We wish to restrict access on our development server to those users who have a valid SSL Client certificate. We are running Apache 2.2.16 on Debian 6.

However, for some sections (mainly git-http, setup with gitolite on https://my.server/git/) we need an exception since many git clients don't support SSL client certificates.

I have succeeded in requiring client cert authentication for the server, and in adding exceptions for some locations. However, it seems this does not work for git.

The current setup is as follows:

SSLCACertificateFile ssl-certs/client-ca-certs.crt
<Location />
  SSLVerifyClient require
  SSLVerifyDepth 2
</Location>
# this works
<Location /foo>
  SSLVerifyClient none
</Location>
# this does not
<Location /git>
  SSLVerifyClient none
</Location>

I have also tried an alternative solution, with the same results:

# require authentication everywhere except /git and /foo
<LocationMatch "^/(?!git|foo)">
  SSLVerifyClient require
  SSLVerifyDepth 2
</LocationMatch>

In both these cases, a user without client certificate can perfectly access my.server/foo/, but not my.server/git/ (access is refused because no valid client certificate is given). If I disable SSL client certificate authentication completely, my.server/git/ works ok.

The ScriptAlias problem

Gitolite is setup using the ScriptAlias directive. I have found that the problem occurs with any similar ScriptAlias:

# Gitolite
ScriptAlias /git/ /path/to/gitolite-shell/
ScriptAlias /gitmob/ /path/to/gitolite-shell/
# My test
ScriptAlias /test/ /path/to/test/script/

Note that /path/to/test/script is a file, not a directory, the same goes for /path/to/gitolite-shell/

My test script simply prints out the environment, super simple:

#!/usr/bin/perl

print "Content-type:text/plain\n\n";
print "TEST\n";
@keys = sort(keys %ENV);
foreach (@keys) {
    print "$_ => $ENV{$_}\n";
}

It seems that if I go to https://my.server/test/someLocation, that any SSLVerifyClient directives are being applied which are in Location blocks that match /test/someLocation or just /someLocation.

If I have the following config:

<LocationMatch "^/f">
        SSLVerifyClient require
        SSLVerifyDepth 2
</LocationMatch>

Then, the following URL requires a client certificate: https://my.server/test/foo.

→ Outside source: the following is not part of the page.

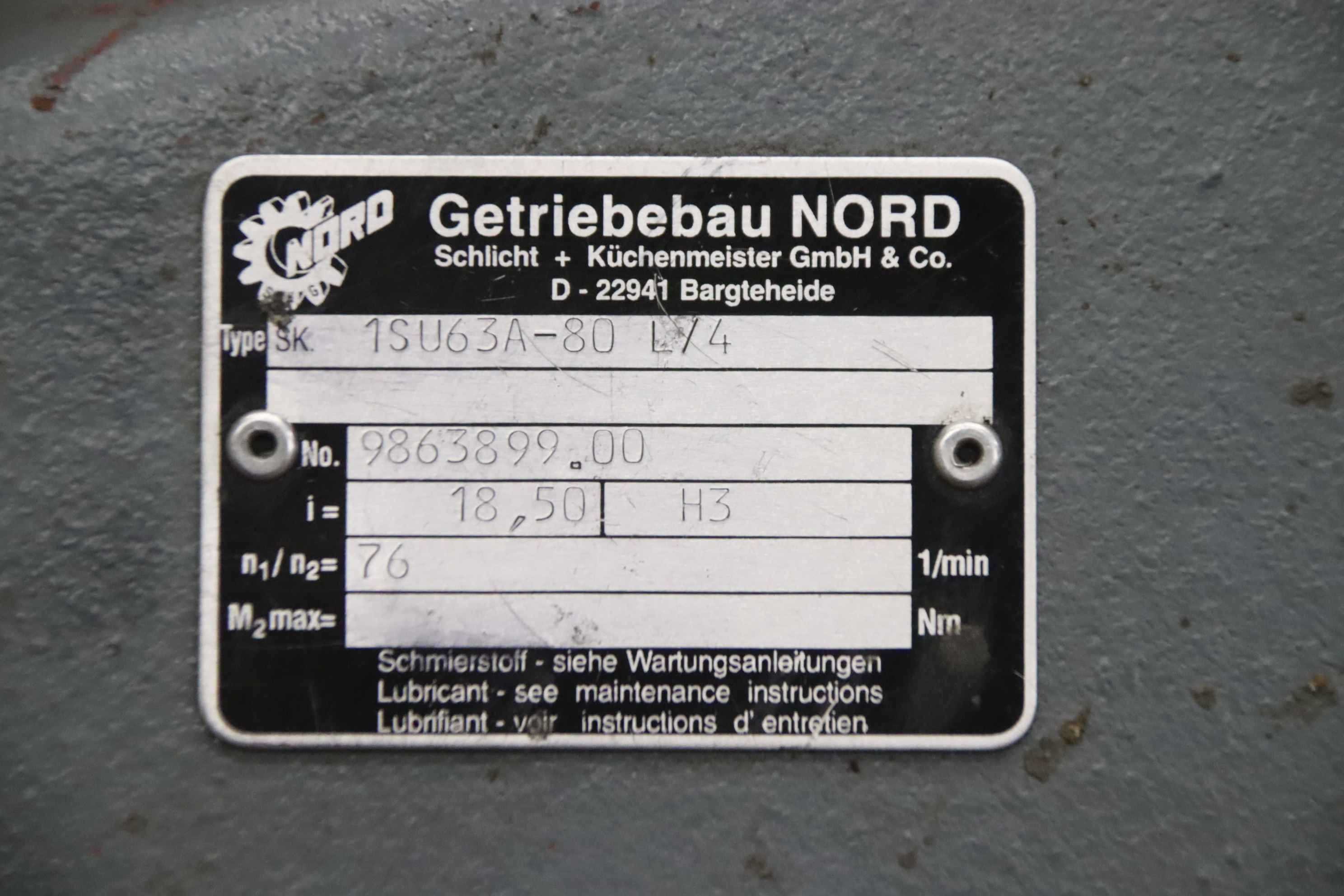 Maschinentyp: Getriebemotor 9,2 kW 76 U/min

However, the following URL does not: https://my.server/test/somethingElse/foo

Note that this only seems to apply for SSL configuration. The following has no effect whatsoever on https://my.server/test/foo:

<LocationMatch "^/f">
        Order allow,deny
        Deny from all
</LocationMatch>

However, it does block access to https://my.server/foo.

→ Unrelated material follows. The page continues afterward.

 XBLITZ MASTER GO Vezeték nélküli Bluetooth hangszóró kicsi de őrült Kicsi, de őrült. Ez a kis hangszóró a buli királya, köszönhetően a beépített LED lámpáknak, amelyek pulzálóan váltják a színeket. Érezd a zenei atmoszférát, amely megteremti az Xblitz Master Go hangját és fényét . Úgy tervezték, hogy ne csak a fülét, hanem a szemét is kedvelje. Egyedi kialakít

This presents a major problem for cases where I have some project running at https://my.server/project (which has to require SSL client certificate authorization), and there is a git repository for that project at https://my.server/git/project which cannot require a SSL client certificate. Since the /git/project URL also gets matched agains /project Location blocks, such a configuration seems impossible given my current findings.

Question: Why is this happening, and how do I solve my problem?

In the end, I want to require SSL Client certificate authorization for the whole server except for /git and /someLocation, with as minimal configuration as possible (so I don't have to modify the configuration each time something new is deployed or a new git repository is added).

Note: I rewrote my question (instead of just adding more updates at the bottom) to take into account my new findings and hopefully make this more clear.